*What the task asks*. Your answer should repeat exactly the lines from the one holding "1 kjøleskap, 1" through the end of the data, and it should contain no pictures.
▬▬▬▬▬▬▬▬▬▬
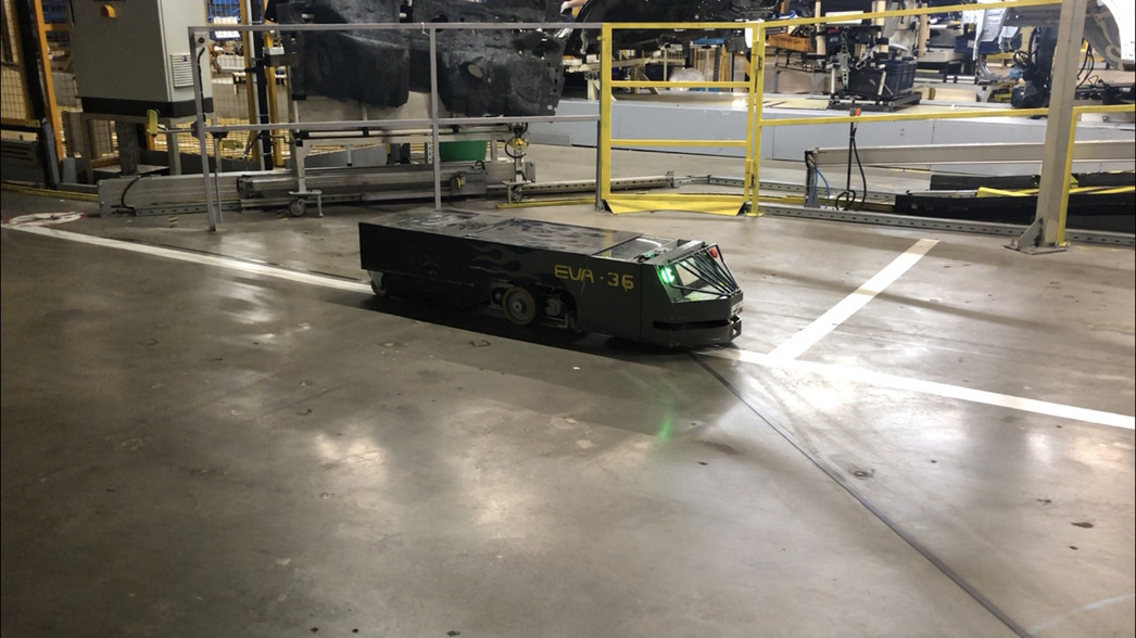 В необъятных помещениях детали туда-сюда возят отнюдь не сотрудники, а небольшие грузовые платформы, которые двигаются по заданной траектории — по магнитной разметке на полу — в автономном режиме. Операторам остается лишь складывать в тележки запчасти и вводить конечные «адреса». Кстати сказать, эти помощники-грузовички на гелевых аккумуляторах — авторская разработка российского предприятия «Ниссан».
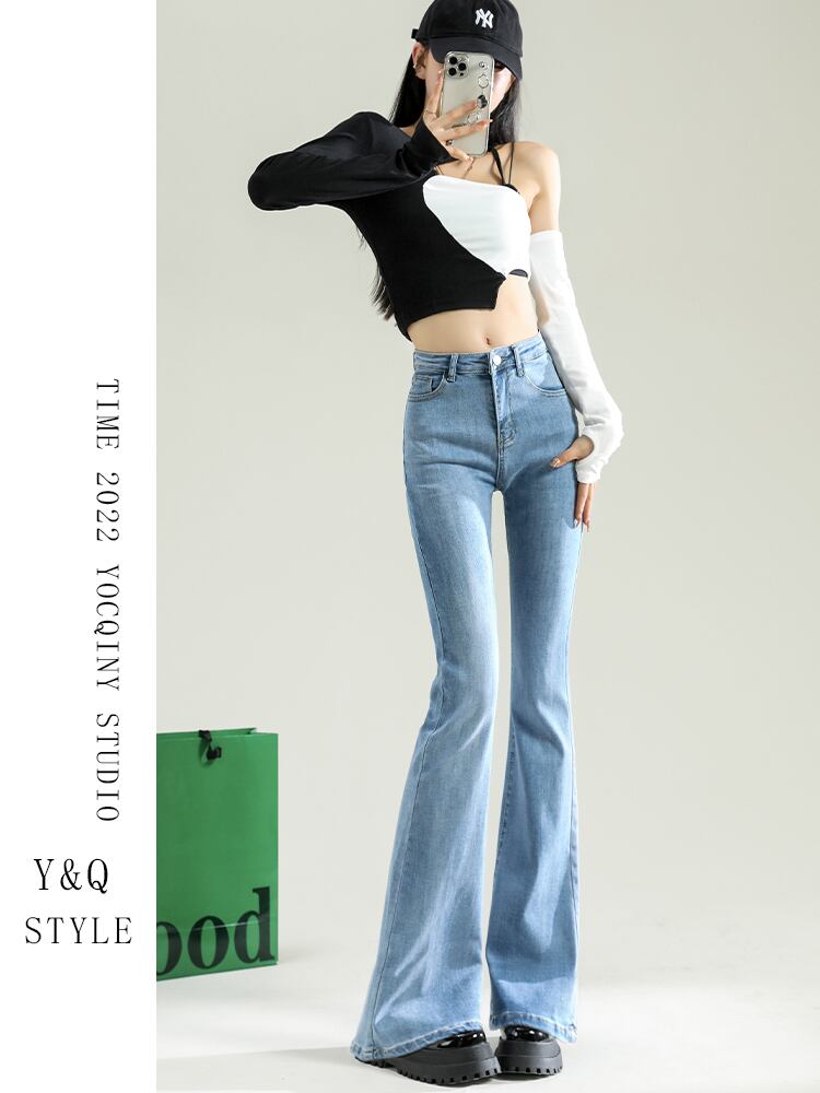 レトロで甘くてスパイシーな春と秋のマイクロラミネートスーパーストレッチジーンズ女性は薄くて背が高く、9点は快適で耐久性があります 大人ガーリー スウィート キュート カジュアル スプリング 春物 オータム 秋物 youqi57966076326
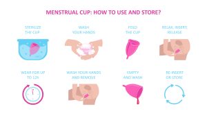 This is a bell-shaped cup, usually made of silicone, is inserted into the vagina to collect menstrual blood. The menstrual cup can be washed and reused.
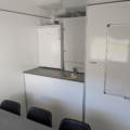 1 kjøleskap, 1 bord, 6 stoler, kaffemaskin, 1 oppslagstavle, 1 veggskap, elektriske radiatorer og LED-lys
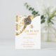 Cartão Postal De Anúncio Damasco branco e dourado para aviso de data
▬▬▬▬▬▬▬▬▬▬
*Result below*.
 1 kjøleskap, 1 bord, 6 stoler, kaffemaskin, 1 oppslagstavle, 1 veggskap, elektriske radiatorer og LED-lys
 Cartão Postal De Anúncio Damasco branco e dourado para aviso de data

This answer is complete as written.